Task objective: Everything in the data that follows should be given again verbatim, except the images.

Supplied information:
══════

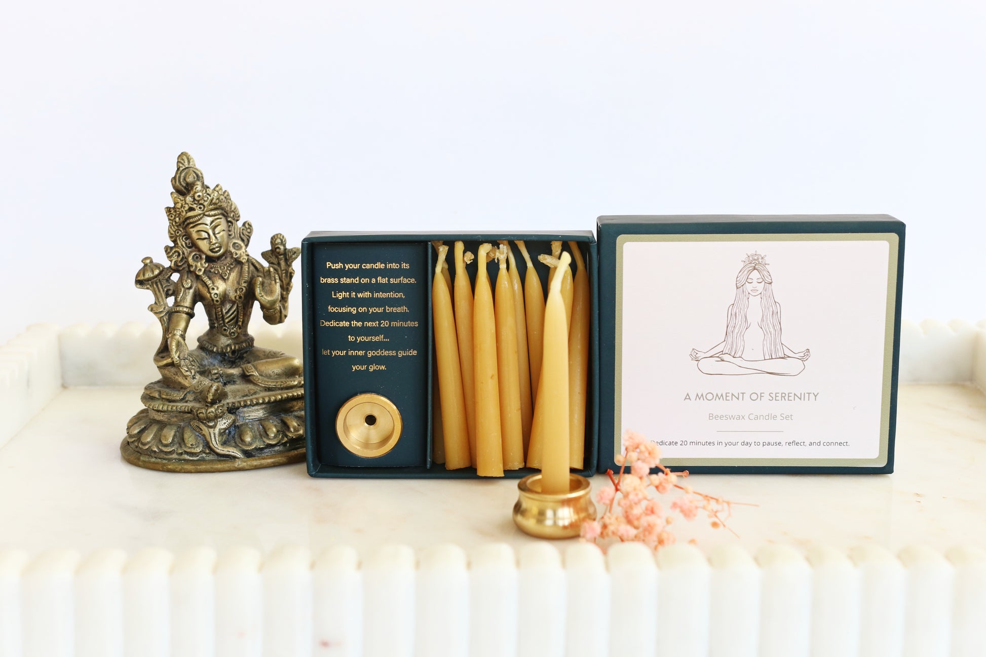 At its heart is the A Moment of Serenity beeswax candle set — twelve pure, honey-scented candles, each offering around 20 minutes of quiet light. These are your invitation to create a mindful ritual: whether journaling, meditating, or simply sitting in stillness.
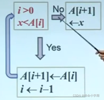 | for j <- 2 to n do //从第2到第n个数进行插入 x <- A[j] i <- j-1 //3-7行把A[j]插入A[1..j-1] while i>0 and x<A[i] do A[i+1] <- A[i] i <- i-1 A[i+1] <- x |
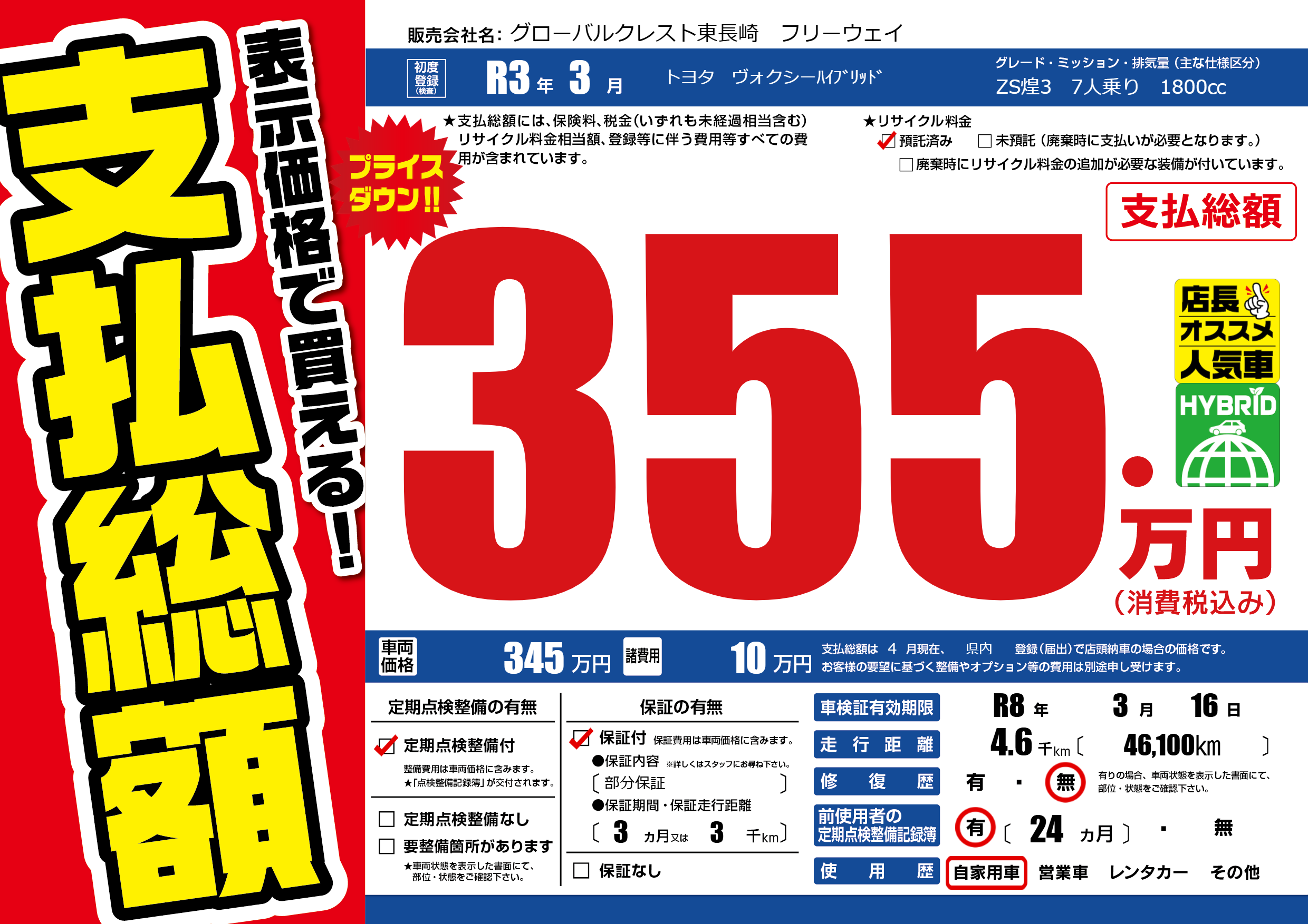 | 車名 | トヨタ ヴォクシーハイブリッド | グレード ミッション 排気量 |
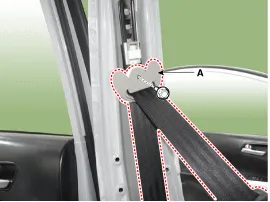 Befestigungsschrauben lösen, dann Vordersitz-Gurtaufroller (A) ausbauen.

══════

Task result:
 At its heart is the A Moment of Serenity beeswax candle set — twelve pure, honey-scented candles, each offering around 20 minutes of quiet light. These are your invitation to create a mindful ritual: whether journaling, meditating, or simply sitting in stillness.
 | for j <- 2 to n do //从第2到第n个数进行插入 x <- A[j] i <- j-1 //3-7行把A[j]插入A[1..j-1] while i>0 and x<A[i] do A[i+1] <- A[i] i <- i-1 A[i+1] <- x |
 | 車名 | トヨタ ヴォクシーハイブリッド | グレード ミッション 排気量 |
 Befestigungsschrauben lösen, dann Vordersitz-Gurtaufroller (A) ausbauen.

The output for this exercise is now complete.